A film by José Luis Guerín

A deceptively simple tale of a man's return to a city, in search of the woman that he loved six years earlier. The young man, an artist whose name we do not know, has come alone and on a whim to Strasbourg in order to find a beautiful woman called Sylvia whom he remembers from six years ago. It is not clear whether a relationship between them ever existed or if their meeting was just a chance encounter. He has no way of contacting her and nothing but a map she drew for him on a napkin, but he knows she was then a student at the Conservatoire. It is here that he is now seated in an outdoor café as he begins his task of waiting, watching and hoping. As he sips his beer he makes pencil sketches in his notebook of the young women who surround him, whilst patiently waiting for his lost love to appear. A glance, a gesture, a smile — precious moments captured which might somehow lead him to Sylvia or perhaps draw her to him. Sylvia's presence lingers, but is it possible to return to the past?

Suddenly a delicate and lovely young woman who may be Sylvia catches his eye, and after some deliberation, he abruptly leaves his table at the café to chase after the girl. Obsessively following her almost like a stalker, he calls out to her, "Sylvie?". Losing her momentarily in a labyrinth of alleys and streets, he then gets very close but we cannot be certain at this point whether she is aware of his presence. The girl boards a tram and he follows her. Again he asks her name, "Sylvie?" and then she speaks to him.

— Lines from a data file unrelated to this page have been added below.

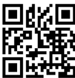
Czech Development Agency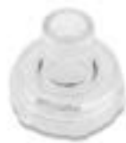
Patient Valve Assembly SKU: CIG552083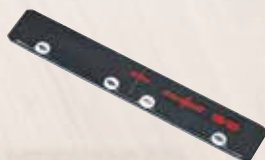
Connecting piece F-VS

Flexible hose FXS-L up to 3.2 m long Ref. No. 205276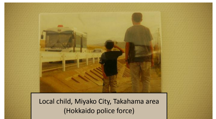
Local child, Miyako City, Takahama area (Hokkaido police force)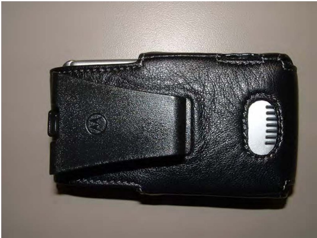
Figure 20. Back View; SYN1066A Case with SYN8631A Belt Clip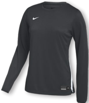
NEW NIKE STOCK LS WARM-UP TOP HM9060 Page 27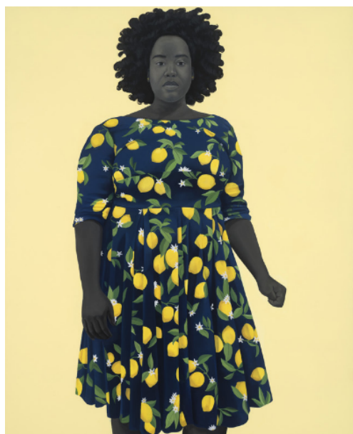
Amy Sberald, She Always Believed the Good about Those She Loved , 2018. Oil on canvas, 54 × 43 × 2.5 in. (137.16 × 109.22 × 6.35 cm). Private collection, courtesy Monique Meloche Gallery. © Amy Sberald. Courtesy the artist and Hauser & Wirth. Photograph by Joseph Hyde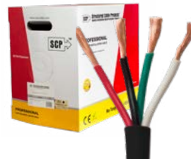
High Strand Count OFC UL; CMR CL3R, LSZH CPR EuroClass: Dca to B2ca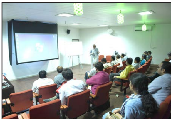
Theme 13 Session at Sardar Patel Educational Museum

An outstanding, superbly shot and hauntingly enigmatic interior drama, perfectly capturing the sense of longing, unfulfilled desire and simple voyeuristic pleasure. The almost total absence of dialogue and the skilful use of shifting perspective allows us to follow the thoughts and musings of this young man and to join him as an observer of people amidst life in a French city. In being a part of the flânerie sustained by the gentlest thread of a story we become immersed and entranced by its moods, impressions, sensations and their repetitions. We find that we are observing a piece of art in motion, one in which we are free to provide the characterisation ourselves, by inference or reconstruction — exploring the power of the imagination over reality, bringing the magic of the dream into the everyday world.

www.axiomfilms.co.uk

Saturday, 13 June 2009

Still Life

A film by Jia Zhang-ke

Set against the spectacular landscape of the Three Gorges region, this humane and moving film tells two contemplative and compassionate stories of a man and a woman searching for lost partners in Fengjie, an ancient town on the Yangtze River which is being demolished and will soon vanish for ever in the flooding caused by the controversial Three Gorges hydroelectric dam project.

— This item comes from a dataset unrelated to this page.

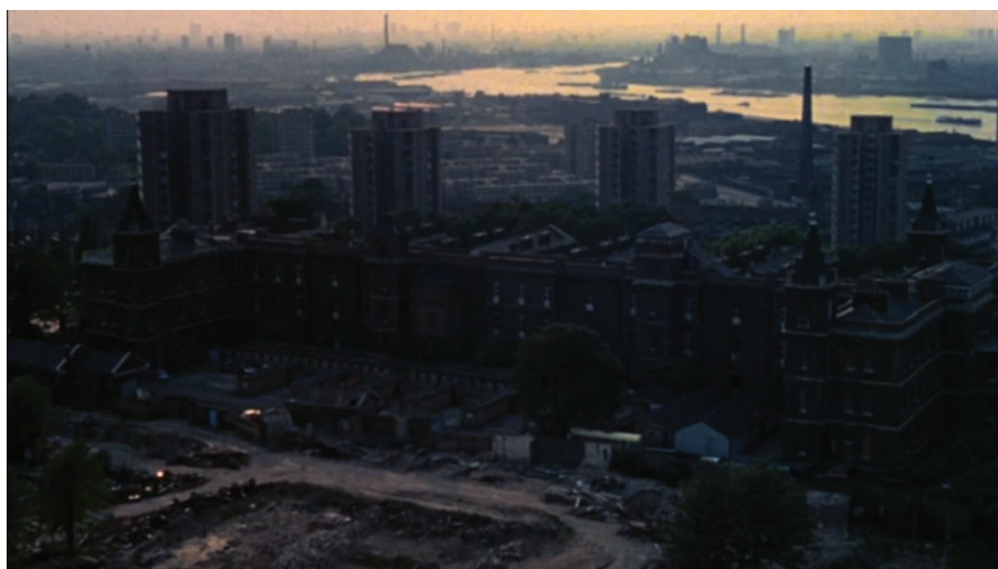
Figure 13. Opening shot, The National Health (UK, 1973): Screenshot [00:00:24] (Source: Amazon Prime Video. Copyright: Virgin/Columbia).

The Eastman Kodak saturated colour of the wards in the Carry On films stand in marked contrast to other, contemporary British hospital film comedies. Both The National Health 59 and Britannia Hospital 60 anticipate Dennis Potter's TV drama The Singing Detective 61 in their depiction of the ward as a bleak microcosm of a Britain in crisis. Jack Gold's The National Health (developed by Peter Nichols from his own stage play) is set in and around a bleak men's terminal ward in an underfunded, struggling NHS hospital, the entrance to which is presided by an imposing statue of Queen Victoria herself (the film opens with a staff announcement they cannot afford the hot water and an order to use what there is economically). The film's establishing exterior shot presents this grim Victorian vision as seemingly out of place in the modern world (something that is explicitly suggested in the opening of Nichols' first draft screen play) [Figure 13]. 62 The film is steeped in irony: at the start a decrepit old lady, a missionary, who looks like a ghost from the previous century, visits the terminal ward to proclaim "the good news" that there is "no death" [Figure 14].

In the separate yet marginally connected stories, the events in the lives of these two very different people mirror each other but with a contrasting emphasis and outcome. At the same time as offering a revelatory, thought-provoking portrait of people adrift in a world they no longer recognise, Sanxia Haoren also reveals their energy, resilience and ability to reach new understandings.

Sanming Han is a coal-miner from Fengyang in Shanxi province who is looking for his ex-wife, Missy Ma, who left him taking with her their daughter whom he has not seen for 16 years. Sanming has only an address given to him many years ago, and until his arrival in the town, had been completely unaware of the demolition and flooding taking place in the area. With the help of her brother he eventually traces Missy who works on a boat which is down-river in Yichang. Their daughter, who is the reason for Sanming's journey, is now working in Dongguan, much farther south, but in their meeting both Sanming and Missy discover they have renewed feelings for each other.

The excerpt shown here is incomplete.